REQUIREMENT: All lines from the one containing "开幕式上,我校党委副书记、副" to the end of the listing below should be output exactly; omit the pictures.

─── INFORMATION SHOWN ───

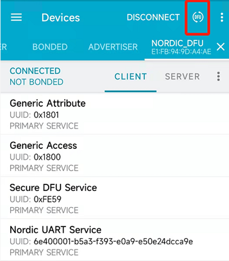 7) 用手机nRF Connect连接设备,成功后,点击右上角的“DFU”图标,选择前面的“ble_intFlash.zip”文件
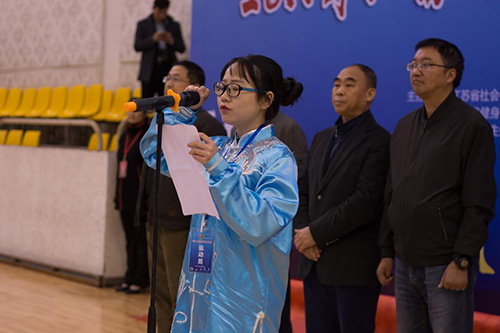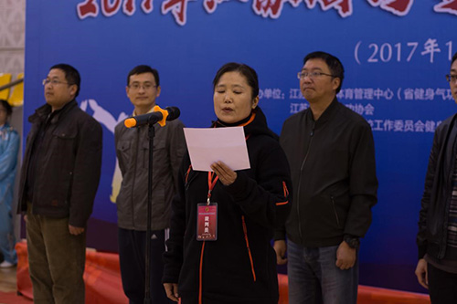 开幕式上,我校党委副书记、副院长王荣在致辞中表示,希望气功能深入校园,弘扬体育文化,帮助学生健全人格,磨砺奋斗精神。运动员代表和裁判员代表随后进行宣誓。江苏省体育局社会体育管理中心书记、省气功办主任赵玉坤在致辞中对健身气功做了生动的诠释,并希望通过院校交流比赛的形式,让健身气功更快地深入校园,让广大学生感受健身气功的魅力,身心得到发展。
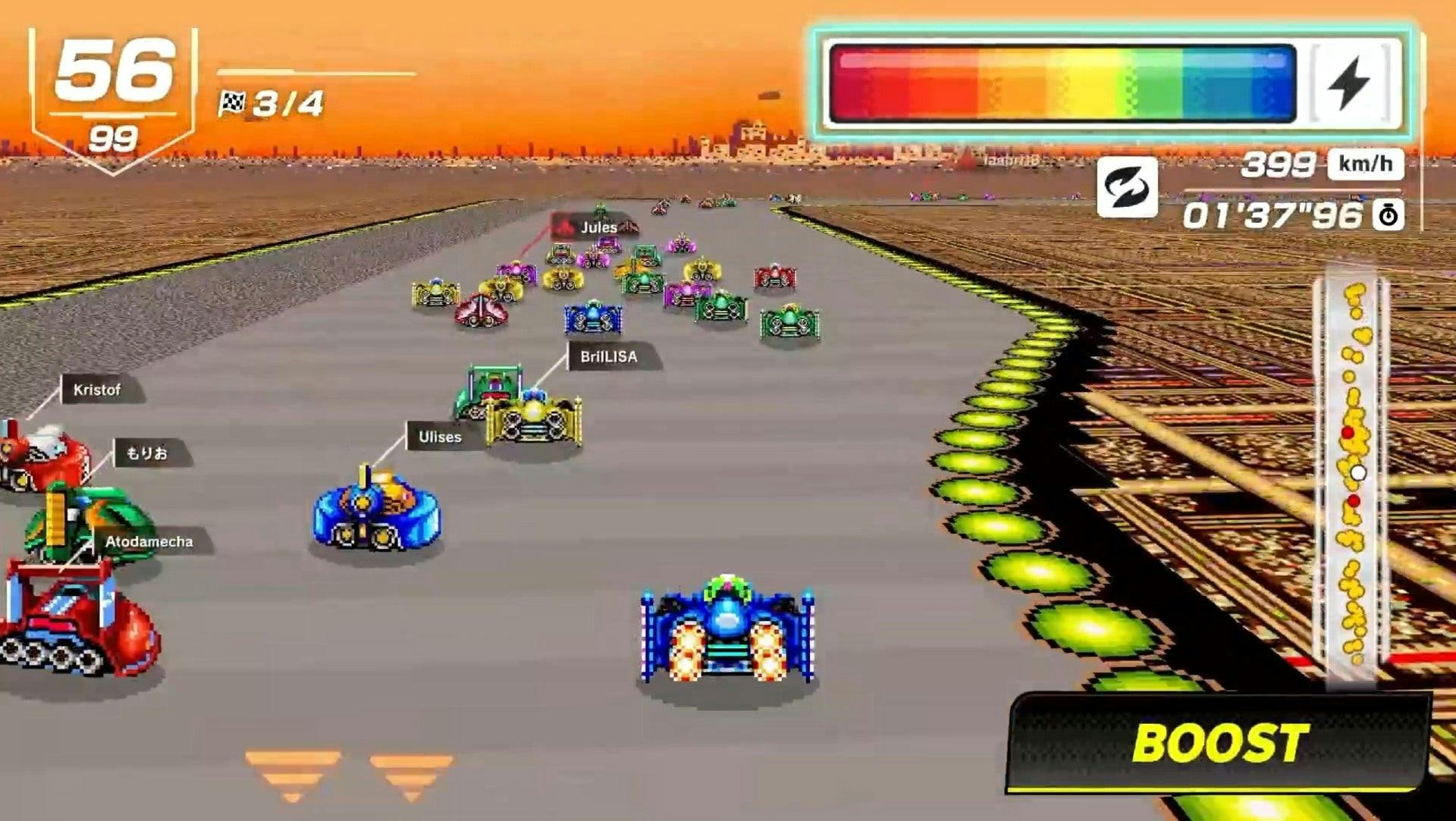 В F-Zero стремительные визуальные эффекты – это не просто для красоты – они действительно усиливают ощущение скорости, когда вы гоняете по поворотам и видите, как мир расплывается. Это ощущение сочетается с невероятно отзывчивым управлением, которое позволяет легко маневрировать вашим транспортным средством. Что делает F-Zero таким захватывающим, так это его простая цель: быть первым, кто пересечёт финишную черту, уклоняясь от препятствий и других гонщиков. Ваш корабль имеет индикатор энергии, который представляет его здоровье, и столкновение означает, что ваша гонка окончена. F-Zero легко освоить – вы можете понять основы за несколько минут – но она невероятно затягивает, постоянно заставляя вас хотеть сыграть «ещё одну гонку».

───

EXERCISE OUTPUT:
 开幕式上,我校党委副书记、副院长王荣在致辞中表示,希望气功能深入校园,弘扬体育文化,帮助学生健全人格,磨砺奋斗精神。运动员代表和裁判员代表随后进行宣誓。江苏省体育局社会体育管理中心书记、省气功办主任赵玉坤在致辞中对健身气功做了生动的诠释,并希望通过院校交流比赛的形式,让健身气功更快地深入校园,让广大学生感受健身气功的魅力,身心得到发展。
 В F-Zero стремительные визуальные эффекты – это не просто для красоты – они действительно усиливают ощущение скорости, когда вы гоняете по поворотам и видите, как мир расплывается. Это ощущение сочетается с невероятно отзывчивым управлением, которое позволяет легко маневрировать вашим транспортным средством. Что делает F-Zero таким захватывающим, так это его простая цель: быть первым, кто пересечёт финишную черту, уклоняясь от препятствий и других гонщиков. Ваш корабль имеет индикатор энергии, который представляет его здоровье, и столкновение означает, что ваша гонка окончена. F-Zero легко освоить – вы можете понять основы за несколько минут – но она невероятно затягивает, постоянно заставляя вас хотеть сыграть «ещё одну гонку».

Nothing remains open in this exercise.